Figure 1: Outline of ATAC-seq method. (A) ATAC-seq measures chromatin accessibility using a hyperactive Tn5 transposase preloaded with forward and reverse adapters. The various steps in the process include (B) cell lysis (including optimization of lysis buffer composition, titration of Tn5, and the number of cells used); (C) transposition (binding of Tn5 to open/accessible chromatin); (D) tagmentation of chromatin; (E) DNA fragment purification and amplification of libraries, and (F) sequencing of libraries and data analysis. Fragment length distribution analysis of ATAC-seq libraries typically shows an initial peak around ~50 bp (nucleosome-free regions) and another peak at ~200 bp (mono-nucleosome). Therefore, without computational or experimental size filtration, ATAC-seq signals contain both nucleosome-free and nucleosomal regions in open chromatin. Created with BioRender.com. Please click here to view a larger version of this figure.
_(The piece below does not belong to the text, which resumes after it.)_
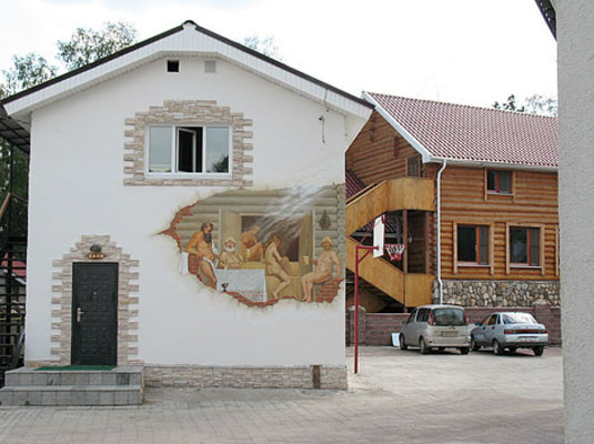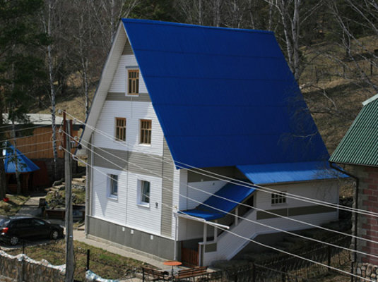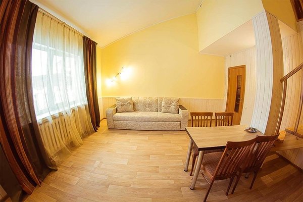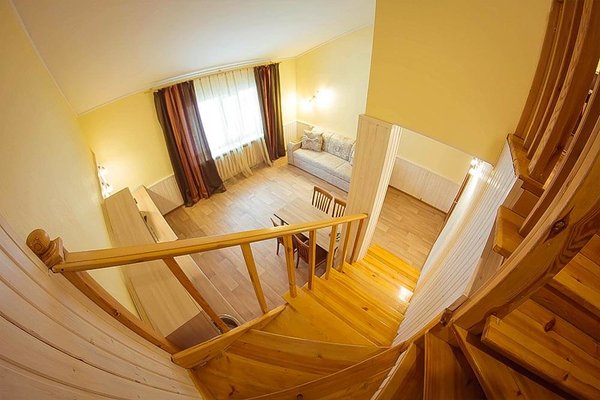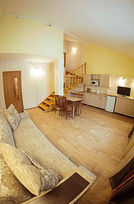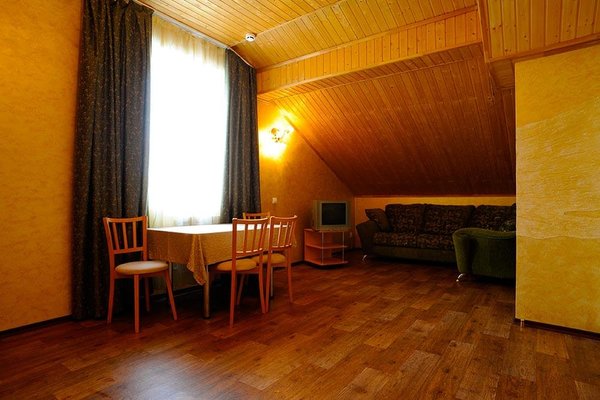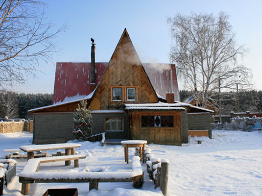 А так же на третьем этаже находиться конференц-зал на 40 человек. Для гостей предоставляется три корпуса на 23 номера, три дома для больших компаний, кафе, две бани и сауну с бассейном, площадку для пикника, детскую площадку, охраняемую автостоянку.

Figure 2: Comparison of cell lysis efficiency using trypan blue. (A) NMuMG cells were treated with the hypotonic buffer8 and stained with trypan blue. (B) NMuMG cells were treated with CSK buffer and stained with trypan blue. The scale bars indicate 50 µm. Please click here to view a larger version of this figure.
Figure 3: Amplified DNA fragment analysis of ATAC-seq libraries. ATAC-seq libraries were prepared from MDA-MB-231 breast cancer cells. (A) After PCR amplification, PCR products were analyzed on a 0.5x TBE, 1.5% agarose gel before and after beads purification. Primers are mostly removed by the initial beads purification. DNA band patterns from (B) 1x TAE, 1% agarose gel electrophoresis and (C) an automated electrophoresis are also indicated. SYBR Gold was used to visualize the DNA fragments shown in A and B. Please click here to view a larger version of this figure.
Figure 4: Enrichment analysis of ATAC-seq libraries. (A) Genome browser track showing the ESR1 locus. The genome coverage of the ATAC-seq data in T47D cells20 is shown. Primers from a previous publication were used26, and their target regions are highlighted in yellow. (B) Bar graph depicting primer amplicon enrichment in ATAC-seq libraries. ATAC-seq libraries were prepared by the hypotonic buffer or CSK buffer. Different concentrations of Tn5 were also used to generate ATAC-seq libraries. 1 ng of each library was used to perform qPCR. Please click here to view a larger version of this figure.
Figure 5: Genome browser visualization for ATAC-seq optimization. Different amounts of Tn5 transposase were added during library preparation. The 1.25 µL of Tn5 condition shows higher background signals (highlighted in yellow), while the other two conditions look similar. Please click here to view a larger version of this figure.
Figure 6: DNA fragment size distribution of ATAC-seq libraries. (A) ATAC-seq libraries were prepared by using the indicated cell numbers. The ATAC-seq data from the 25,000 cell input condition showed the highest enrichment of nucleosome-free fragments, while the 100,000 cell input condition presented the highest mono-nucleosomal DNAs. (B) Genome browser tracks showing ATAC-seq data from different cell numbers. (C) Homer peak annotation analysis. Each peak was classified as a promoter-proximal or distal peak by Homer29. Please click here to view a larger version of this figure.
Name | Sequence |
ESR1 C Forward | TGGTGACTCATATTTGAACAAGCC |
ESR1 C Reverse | CTCCTCCGTTGAATGTGTCTCC |
ESR1 K Forward | TGTGGCTGGCTGCGTATG |
ESR1 K Reverse | TGTCTCTCTTTCTGTTTGATTCCC |
ESR1 L Forward | TGTGCCTGGAGTGATGTTTAAG |
ESR1 L Reverse | CATTACAAAGGTGCTGGAGGAC |
Table 1: List of primers used in this study.
Steps | Temperature | Time | Cycle |
Gap filling | 72 °C | 5 min | 1 |
Initial Denaturation | 98 °C | 30 s | 1 |
Denaturation | 98 °C | 10 s | 5 |
Annealing | 63 °C | 30 s | |
Extension | 72 °C | 1 min | |
Hold | 4 °C | forever |
Table 2: PCR amplification program part 1.
Steps | Temperature | Cycle |
Initial Denaturation | 98 °C 30 s | 1 |
Denaturation | 98 °C 10 s | 20 |
Annealing | 63 °C 30 s | |
Extension | 72 °C 1 min | |
Plate read |
Table 3: qPCR settings.
Steps | Temperature | Time | Cycle |
Initial Denaturation | 98 °C | 30 s | 1 |
Denaturation | 98 °C | 10 s | Total cycles calculated at step 6.4 |
Annealing | 63 °C | 30 s | |
Extension | 72 °C | 1 min | |
Hold | 4 °C | forever |
Table 4: PCR amplification program part 2.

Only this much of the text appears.